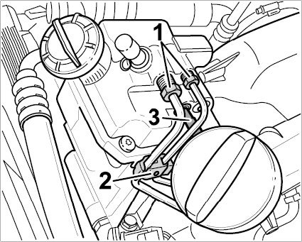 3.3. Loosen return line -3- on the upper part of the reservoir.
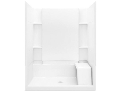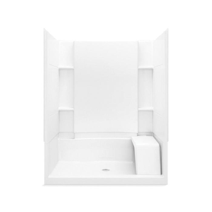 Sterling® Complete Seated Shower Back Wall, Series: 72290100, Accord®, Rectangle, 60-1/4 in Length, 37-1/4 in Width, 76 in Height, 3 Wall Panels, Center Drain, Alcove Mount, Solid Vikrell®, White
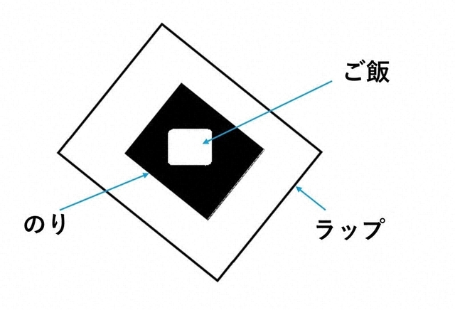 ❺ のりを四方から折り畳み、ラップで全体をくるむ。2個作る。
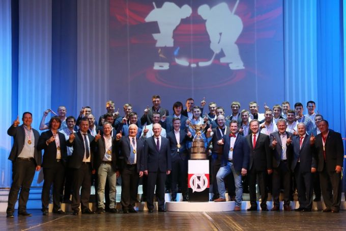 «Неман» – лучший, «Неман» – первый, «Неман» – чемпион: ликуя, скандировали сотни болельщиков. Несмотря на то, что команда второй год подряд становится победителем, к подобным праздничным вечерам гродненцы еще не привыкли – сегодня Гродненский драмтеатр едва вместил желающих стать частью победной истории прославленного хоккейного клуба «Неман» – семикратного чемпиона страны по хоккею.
==
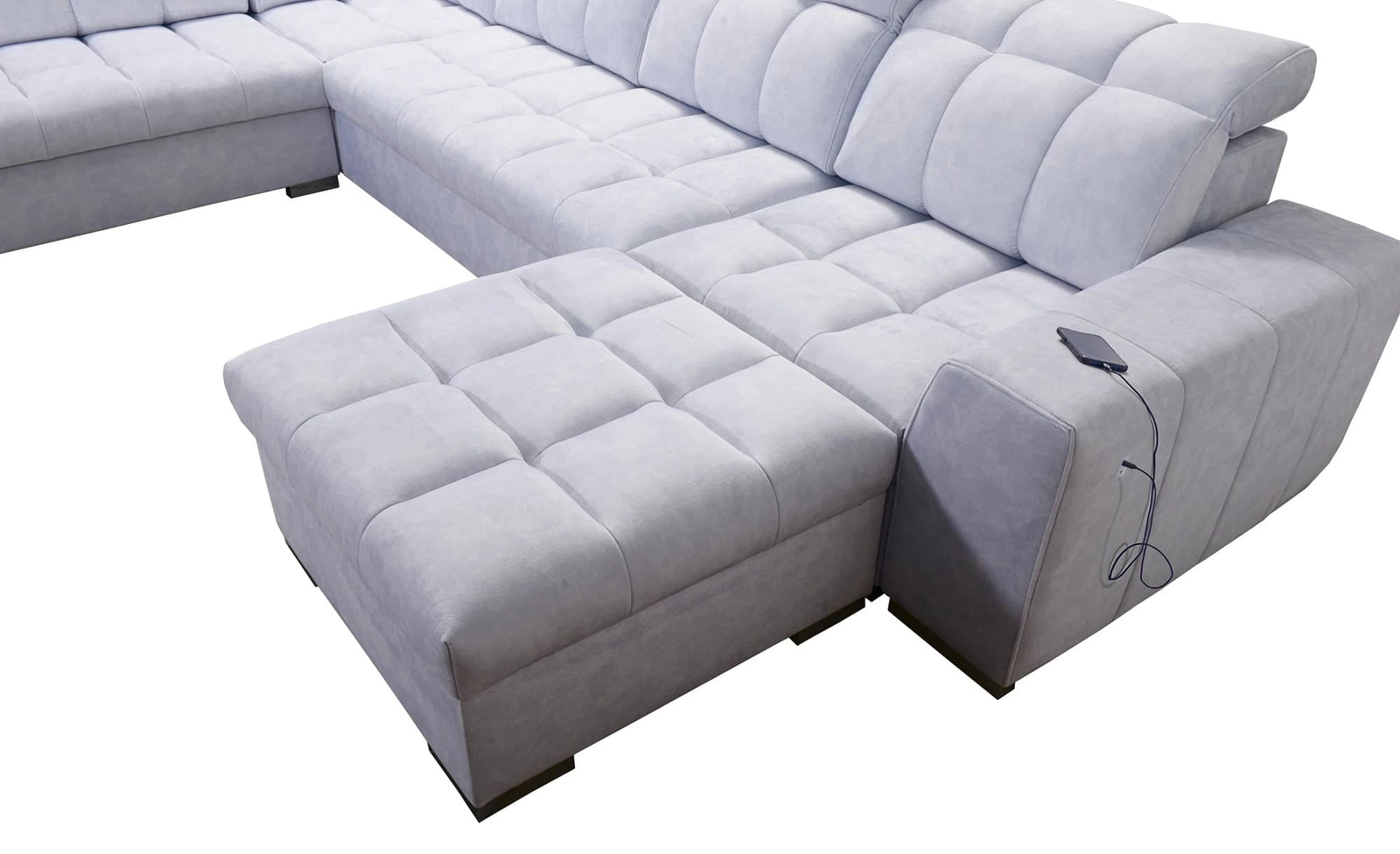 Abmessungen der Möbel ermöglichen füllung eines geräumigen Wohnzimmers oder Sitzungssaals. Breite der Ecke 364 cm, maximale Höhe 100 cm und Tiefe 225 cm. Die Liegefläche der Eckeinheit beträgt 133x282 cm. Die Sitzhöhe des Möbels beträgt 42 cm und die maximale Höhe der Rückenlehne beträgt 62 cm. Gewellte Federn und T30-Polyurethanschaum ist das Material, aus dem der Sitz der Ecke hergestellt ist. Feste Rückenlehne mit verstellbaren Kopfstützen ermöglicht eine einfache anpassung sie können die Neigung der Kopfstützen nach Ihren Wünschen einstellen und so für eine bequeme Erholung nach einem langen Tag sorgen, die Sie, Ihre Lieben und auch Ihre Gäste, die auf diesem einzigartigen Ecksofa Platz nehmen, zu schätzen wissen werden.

* Work item: For the material above, give again only the lines starting at the line that contains "Sterling® Complete Seated" and ending at the line that contains "❺ のりを四方から折り畳み、ラップで全体をくるむ。2個作る。". Pictures do not belong in the copy.

* Solved exercise:
 Sterling® Complete Seated Shower Back Wall, Series: 72290100, Accord®, Rectangle, 60-1/4 in Length, 37-1/4 in Width, 76 in Height, 3 Wall Panels, Center Drain, Alcove Mount, Solid Vikrell®, White
 ❺ のりを四方から折り畳み、ラップで全体をくるむ。2個作る。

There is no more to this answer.